▸ Problem to solve
When you reach the line with "Using the hole" in the records below, begin transcribing exactly and continue up to and including the line with "- 即決 0615k416", leaving out every picture.

▸ Data for this exercise
========================================

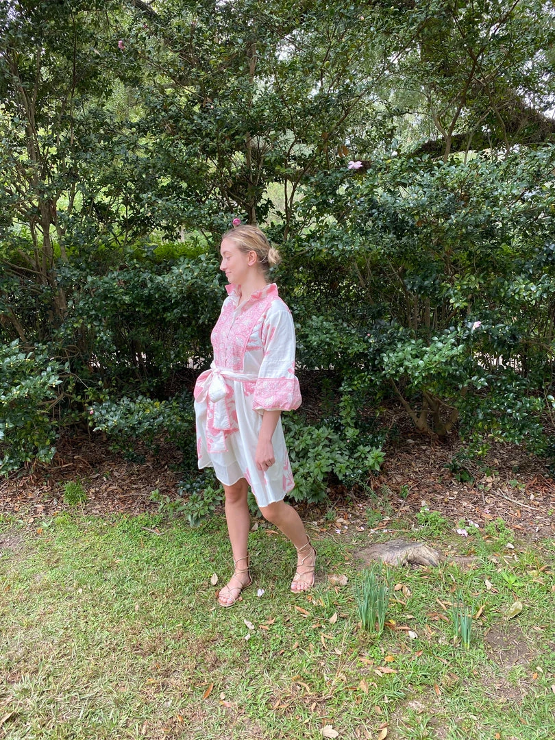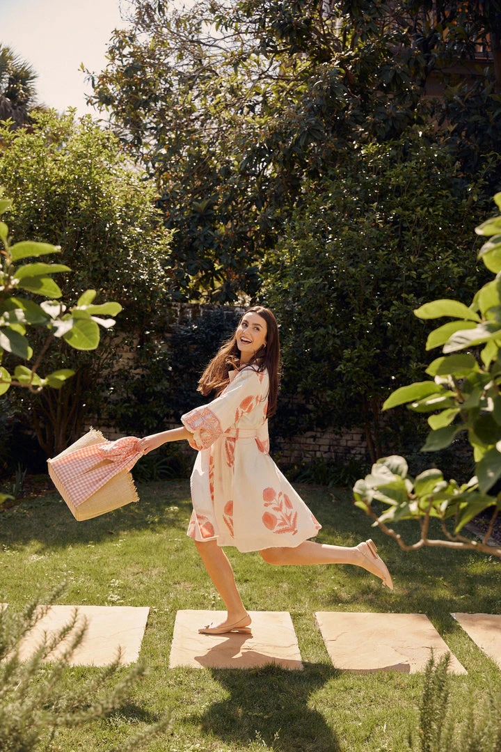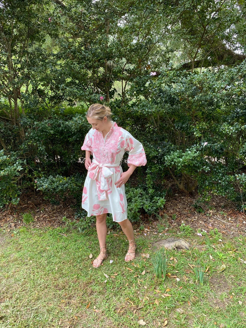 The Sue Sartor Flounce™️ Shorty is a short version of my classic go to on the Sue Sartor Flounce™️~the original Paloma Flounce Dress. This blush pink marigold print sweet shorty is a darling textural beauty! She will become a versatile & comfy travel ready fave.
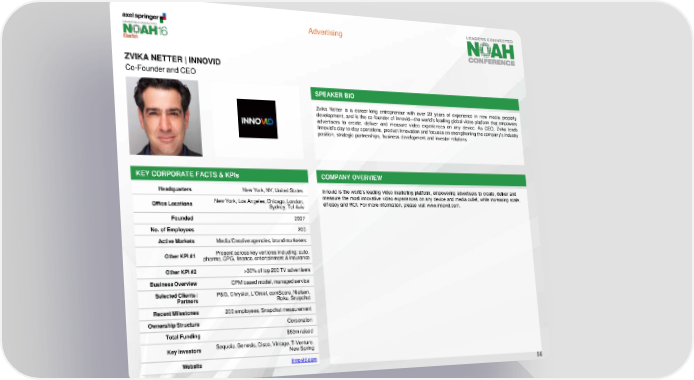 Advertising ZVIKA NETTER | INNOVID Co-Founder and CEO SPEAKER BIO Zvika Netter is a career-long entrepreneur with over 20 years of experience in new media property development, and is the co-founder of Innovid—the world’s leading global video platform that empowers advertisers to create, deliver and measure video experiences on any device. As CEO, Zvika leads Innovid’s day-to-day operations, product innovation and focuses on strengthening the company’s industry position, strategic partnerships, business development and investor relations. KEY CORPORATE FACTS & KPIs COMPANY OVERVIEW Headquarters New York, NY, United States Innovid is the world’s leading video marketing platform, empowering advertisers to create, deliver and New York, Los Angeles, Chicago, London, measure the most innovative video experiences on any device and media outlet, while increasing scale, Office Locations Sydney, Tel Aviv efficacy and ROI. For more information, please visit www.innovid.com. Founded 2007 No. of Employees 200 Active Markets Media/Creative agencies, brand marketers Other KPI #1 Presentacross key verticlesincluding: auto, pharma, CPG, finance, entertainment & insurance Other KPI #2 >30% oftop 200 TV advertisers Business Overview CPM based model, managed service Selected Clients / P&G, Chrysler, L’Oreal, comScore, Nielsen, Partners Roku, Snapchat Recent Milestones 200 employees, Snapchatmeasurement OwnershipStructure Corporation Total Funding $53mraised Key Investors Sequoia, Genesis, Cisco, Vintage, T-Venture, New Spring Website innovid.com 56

========================================

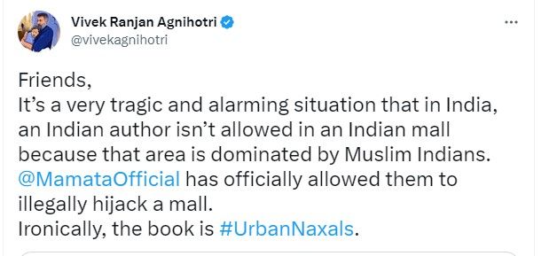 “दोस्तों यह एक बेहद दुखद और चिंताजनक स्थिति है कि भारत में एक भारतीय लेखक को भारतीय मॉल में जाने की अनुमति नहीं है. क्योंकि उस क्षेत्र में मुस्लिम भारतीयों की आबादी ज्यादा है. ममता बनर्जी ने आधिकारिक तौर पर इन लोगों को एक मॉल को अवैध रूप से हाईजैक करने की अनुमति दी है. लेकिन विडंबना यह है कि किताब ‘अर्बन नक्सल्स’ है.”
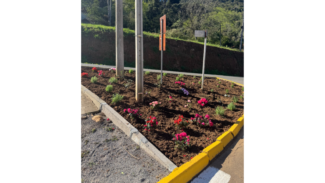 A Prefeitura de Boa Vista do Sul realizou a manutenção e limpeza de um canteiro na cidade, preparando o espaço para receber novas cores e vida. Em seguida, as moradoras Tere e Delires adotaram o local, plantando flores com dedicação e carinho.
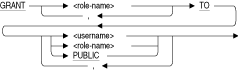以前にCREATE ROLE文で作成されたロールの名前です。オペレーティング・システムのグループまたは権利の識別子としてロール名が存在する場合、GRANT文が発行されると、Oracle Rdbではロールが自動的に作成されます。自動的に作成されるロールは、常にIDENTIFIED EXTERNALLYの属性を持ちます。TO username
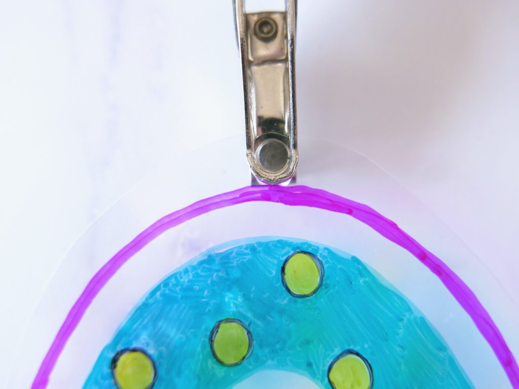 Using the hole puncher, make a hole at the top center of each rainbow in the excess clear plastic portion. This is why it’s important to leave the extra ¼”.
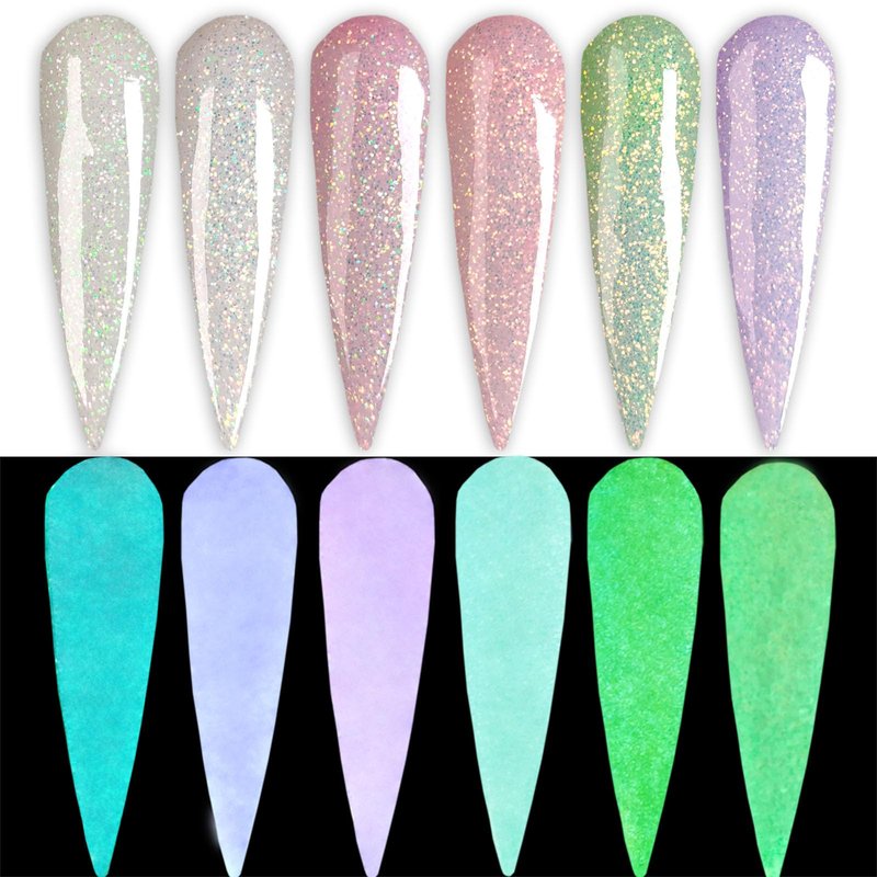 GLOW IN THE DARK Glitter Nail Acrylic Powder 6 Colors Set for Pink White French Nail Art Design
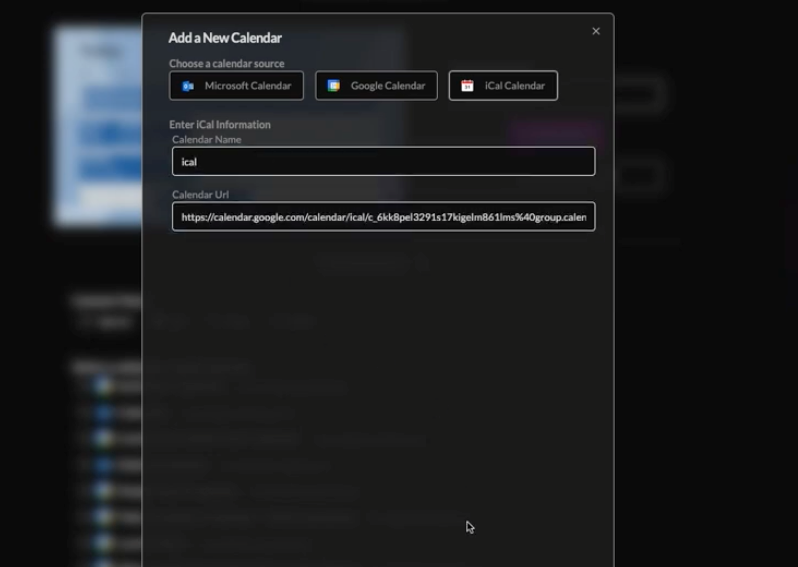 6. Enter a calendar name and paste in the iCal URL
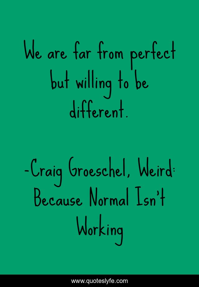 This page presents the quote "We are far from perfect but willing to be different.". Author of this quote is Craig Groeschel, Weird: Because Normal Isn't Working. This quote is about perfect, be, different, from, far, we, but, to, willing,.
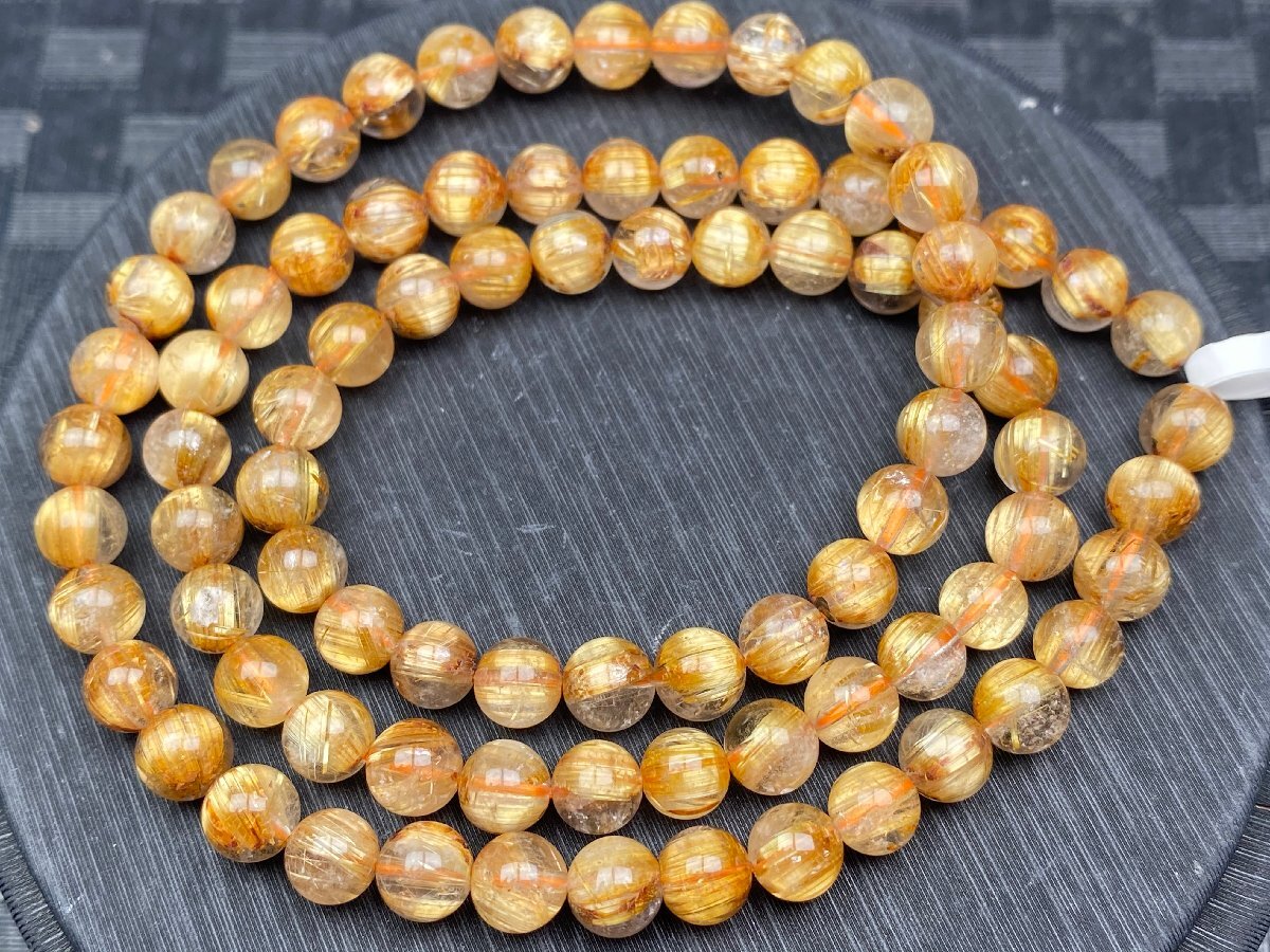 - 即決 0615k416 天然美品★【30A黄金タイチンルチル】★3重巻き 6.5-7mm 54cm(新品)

========================================

▸ Task solution
 Using the hole puncher, make a hole at the top center of each rainbow in the excess clear plastic portion. This is why it’s important to leave the extra ¼”.
 GLOW IN THE DARK Glitter Nail Acrylic Powder 6 Colors Set for Pink White French Nail Art Design
 6. Enter a calendar name and paste in the iCal URL
 This page presents the quote "We are far from perfect but willing to be different.". Author of this quote is Craig Groeschel, Weird: Because Normal Isn't Working. This quote is about perfect, be, different, from, far, we, but, to, willing,.
 - 即決 0615k416 天然美品★【30A黄金タイチンルチル】★3重巻き 6.5-7mm 54cm(新品)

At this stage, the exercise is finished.